An active substance can now fall within four categories with different consequences for the enterprises concerned:
1. The active substance has been approved (included) for one or more product-types
Products with the specific active substance must be authorised in accordance with the new rules. This applies both to products that are already on the Danish market and to new products. Active substances that the EU approves are included in a "positive list", Annex I to the Biocidal Products Directive.
2) The active substance has been refused (not included) for one or more product-types.
Products containing the specific active substance must be phased out within a short period of time. Active substances that are no longer permitted are placed on a "negative list" ("non-inclusion list").
3 ) The active substance is under evaluation by the EU.

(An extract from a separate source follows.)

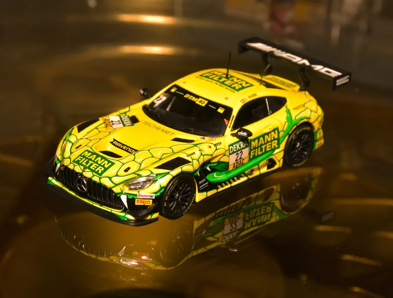 2022 DTM Championship – Mercedes AMG GT3 evo. One of the most famous touring car championships in the world, the DTM had become much too expensive and therefore also switched to the popular GT3 format. Porsche, BMW, Mercedes, Audi, Lamborghini and Ferrari are all present. Mercedes supports four teams that enter a total of 8 cars in the championship. This is the Haupt Racing Team (HRT) entered car for Luca Stolz wins the race at the Nürburgring. He also finishes 2nd twice and ends in 6th place in the championship.

During a transitional period, products with active substances that are under evaluation may continue to be marketed in accor-dance with the Danish rules. This will apply until the EU has evaluated the active substances in the products, and either included them in Annex I as approved active substances or refused their inclusion.
4) The active substance is new within the EU.
Applications may not be submitted for products with new active substances that are not covered by the EU's review programme until the active substance has been evaluated and approved within the EU.
It is not possible to say in advance exactly when the EU will approve or refuse an active substance. Enterprises are therefore required, and obliged, to monitor developments in the active substances that can remain on the market, those that are on the way out and those that are still in the process of being evaluated.